In order to test the benchmark methods in supervised mode, we needed to generate the input image to apply the chosen resizing method. To this end, we followed a practice established in the literature and often adopted by other authors, i.e., we rescaled the target image by BIC and used it as an input image in most cases in the framework validation (see
Section 3.1). However, in
Section 3.1.3, we also used the benchmark methods to generate the input image with the aim of studying the input image dependency. To discriminate how the input images were generated, we include the acronym of the resizing method used for their generation when referring to the images. For instance, “BIC input image” indicates the input image generated by BIC.

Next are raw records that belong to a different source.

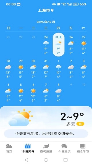 15日天气准报是一款提供本地温度、空气质量等多类信息的天气预报应用,支持快速定位与城市管理功能同步查看,帮助用户及时获取各地天气资讯,同时呈现生活指南,可直接参考以了解不同气温下穿衣、出行的注意事项。
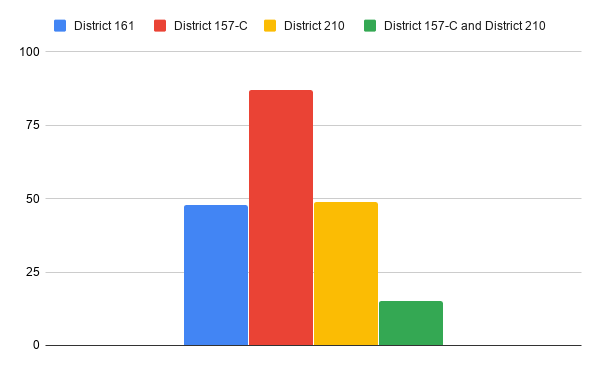The majority of responses came from District 157-C parents, followed by fairly even responses from District 210 and District 161.
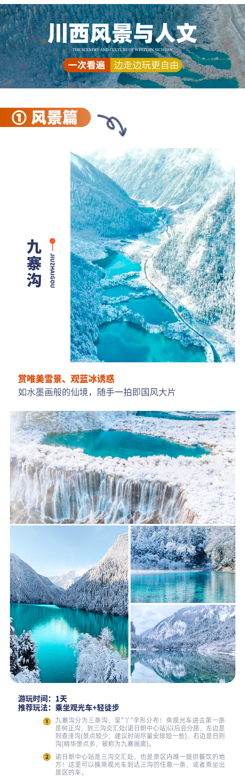 4、景交:九寨沟观光车淡季80元/人、旺季90元/人(必须)、达古冰川观光车70元/人(必须)+往返索道180元/人(必须)、毕棚沟观光车70元/人(必须)+电瓶车20-30元/人(分段计费、可选);
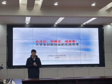 举办第七期青年教师工作坊。此次工作坊围绕大学生创新创业指导,邀请湖南大学创新创业中心主任、教务处副处长肖靖,工训中心副教授吴占涛,学院李巍副教授和舒扬副教授分别与青年教师们进行了经验交流和分享。会议由经贸院党委副书记、学院创新创业中心主任李曼主持。学院全体班子成员,青年教师30余人参加了会议。
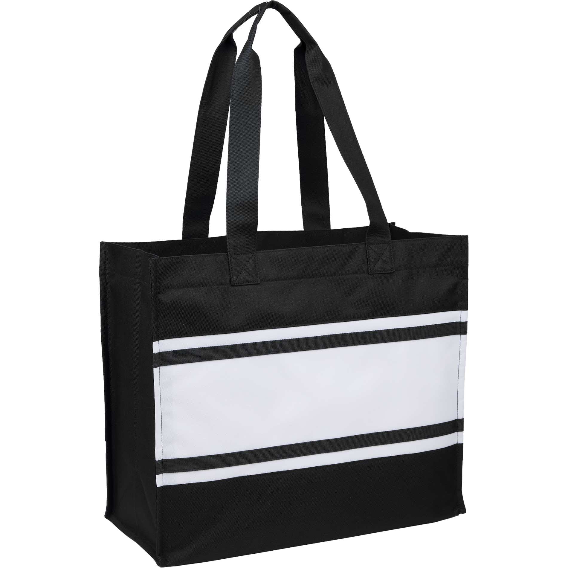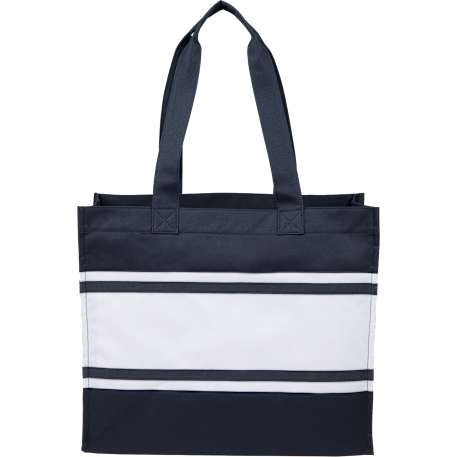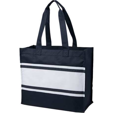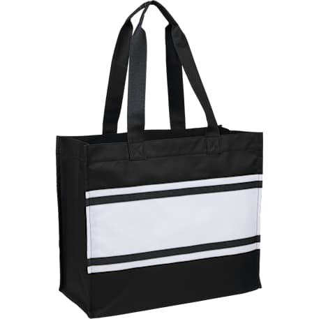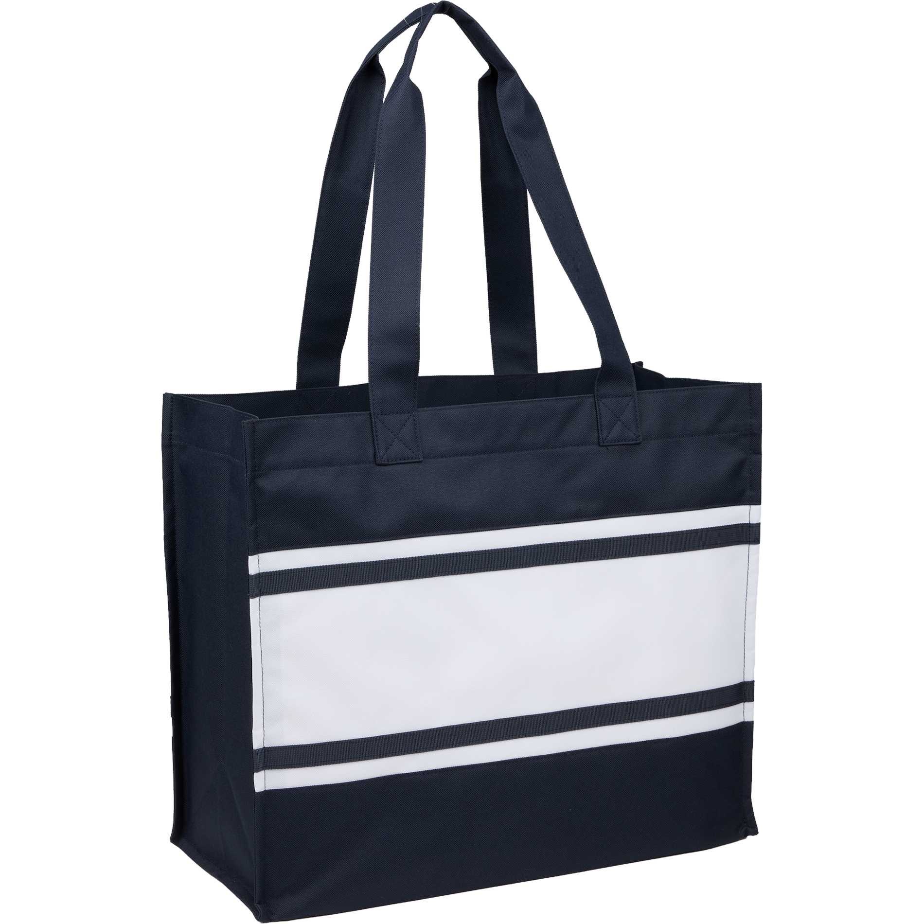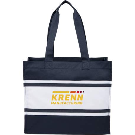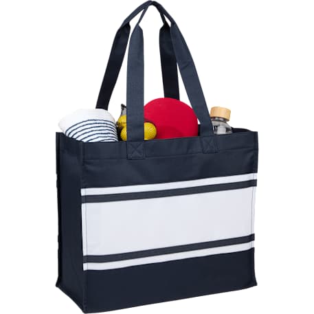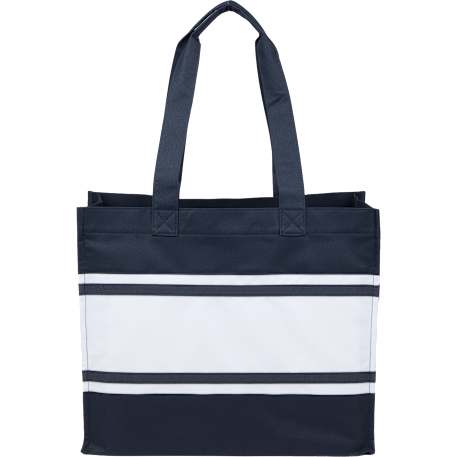 The Varsity Box Tote combines a structured silhouette with a sporty edge, making it a versatile choice for work, travel, or everyday use. It features a striped detail on the front and back that adds a touch of athletic style. The roomy interior and reinforced pinched handles allow for carrying heavier loads with ease, while the boxy shape offers a mode and polished look. Through a partnership with 1% For The Planet, a portion of each sale supports environmental nonprofits.
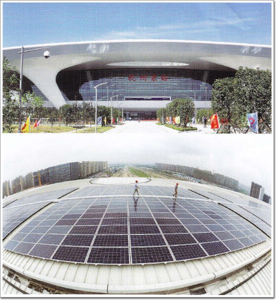 杭州東站——新時(shí)代的錢江潮,杭州東站是全國(guó)九大省會(huì)城市巨型車站建設(shè)工程的“收官之作”,該車站于2013年7月1日投入使用,總建筑面積這113萬(wàn)平米,它的光電建筑應(yīng)用類犁是建筑屋面和風(fēng)雨棚一體,既采用單晶硅電池叉有非晶硅薄膜電池,于2013年6月(光伏系統(tǒng))建成,裝機(jī)容量為10MWp,年發(fā)電量為10GWh。杭州火車東站車站站房設(shè)計(jì)以“錢江潮”為主題,以此體現(xiàn)出杭州“精致和諧、大氣開(kāi)放”的城幣形象和從“西湖時(shí)代”邁向“錢塘江”時(shí)代的時(shí)代特征。這座光電建筑,預(yù)計(jì)每年可發(fā)電近1000萬(wàn)度電,與相同發(fā)電量的火電廠相比,每年可節(jié)約標(biāo)煤約2769噸,還可相應(yīng)地減少燃煤所造成的二氧化硫55噸、氮氧化合物24噸、煙塵443噸、二氧化碳7108噸,按每天發(fā)電35萬(wàn)度電計(jì)算, “每天的發(fā)電量覆蓋整個(gè)東站每日的照明用電量綽綽有余”這也使得杭州火車東站成了“零碳排放建筑”。
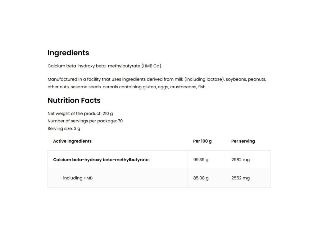 - Zdroj HMB - jedna porce doplňku stravy dodává tělu 2982 mg beta-hydroxy-beta-methylbutyrátu vápenatého
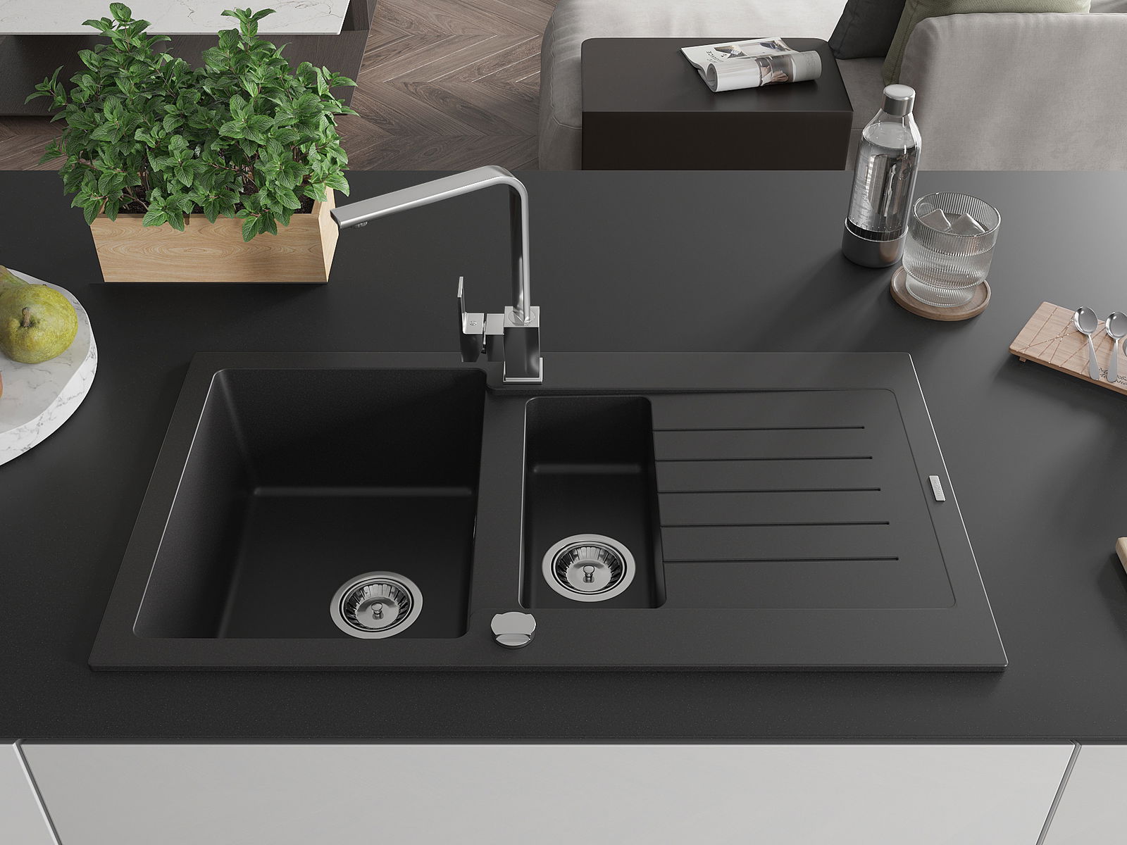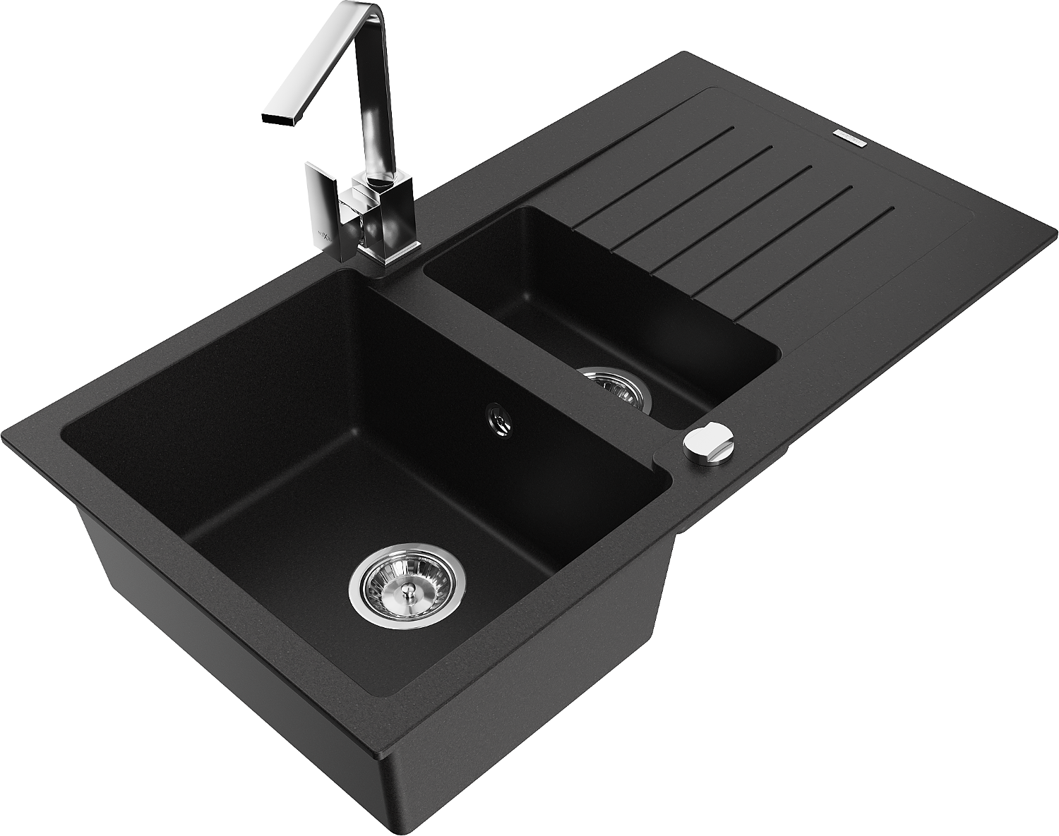 Mexen Matias Granit-Ëvier 1,5-Schëll mat Ofleefberäich a Kichendusch Rita, schwaarz - 6502-77-670300-00
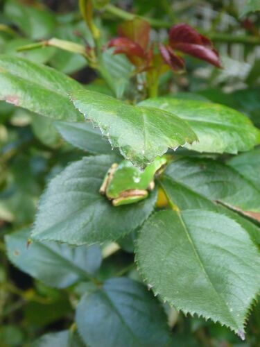verandarosegarden.hatenablog.com あれ以来、いろんなバラの葉の上で休んでいる姿を見たが、昨日は Republique de Monmartreの葉の上にじっとしていた。 僕の方は、隣のアプリコットキャンディの 葉が黄変したものを取り除いたり、カイガラムシの除去、茎の…
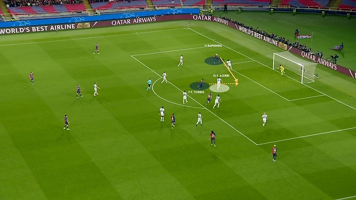Ситуация еще больше усугубилась, когда «Барселона» сравняла счет, и — что любопытно — этот гол стал редким моментом, в котором не участвовал Ямаль. Все началось с длинного перевода Педри на Рафинью в штрафную. Бразилец обманул Биссека, ставшего в этом эпизоде просто зрителем — а Ферран Торрес совершил рывок за спину сфокусировавшего на мяче Ачерби.
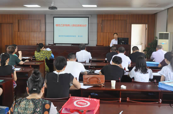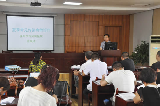 培训活动在紫庄镇卫生院领导的大力支持配合下有序开展,共有五十余人参加了这次培训。我院两位专家分别讲授了《慢性乙肝特殊人群抗病毒治疗》与 《夏季常见传染病的诊疗》。高玉金主任着重对慢性乙型肝炎的特殊患者,如儿童、妊娠、老年患者,或合并其他疾病状态的患者,以及HBV相关的失代偿肝硬化、肝衰竭、肝移植、肝细胞癌患者的抗病毒治疗方案的选择及治疗过程中需注意的问题进行了的详细的讲解。张凤池主任则就夏季常见传染病如流行性乙型脑炎、水痘、破伤风等疾病的传染源、传播途径、易感人群进行了耐心讲解,并着重对当季常见的肠道传染病如细菌性痢疾中的中毒性痢疾、慢性痢疾的病情观察、治疗等方面进行了更加细致的讲解。炎炎夏日,阻挡不了大家学习的热情,而两位专家的精彩授课更是赢得大家的一致好评。
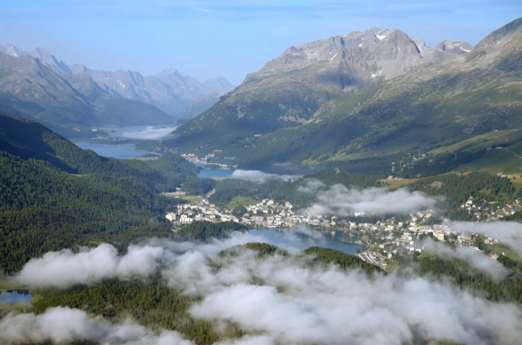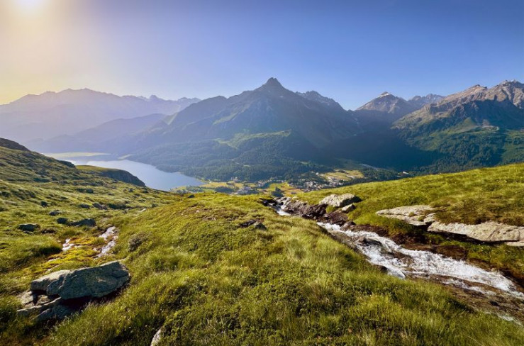 Unterwegs in den Schweizer Bergen: Blick auf St.Moritz und die Oberengadiner Seen im Sommer von Segantini Hütte aus.

In unsupervised mode, besides the above datasets, we also tested the benchmark methods according to four categories: beach, forest, parking, and sparse residential. To this end, we fused the corresponding category images of AID and UCA to generate the subsets, indicated in the following as AU_Beach (500 images), AU_Forest (350 images), AU_Parking (390 images), and AU_SparseRes (400 images) (see
Section 3.2.3).
2.3. Proposed Framework
As stated above, the proposed framework allowed us to test each benchmark method on any set of input images in two modes: “supervised” and “unsupervised”, depending on the availability of a target image. Three image folders were used: the folder of input images (mandatory), named “input_image”; the folder of output IR images (optional), named “output_image”; and the folder of ground-truth images (mandatory in supervised mode but not required in unsupervised mode), named “GT_image”. Note that the images in each folder should have the same graphic format. Moreover, in supervised mode, the GT_image folder should include ground-truth images whose file names are the same as those of the input images in the input_image folder.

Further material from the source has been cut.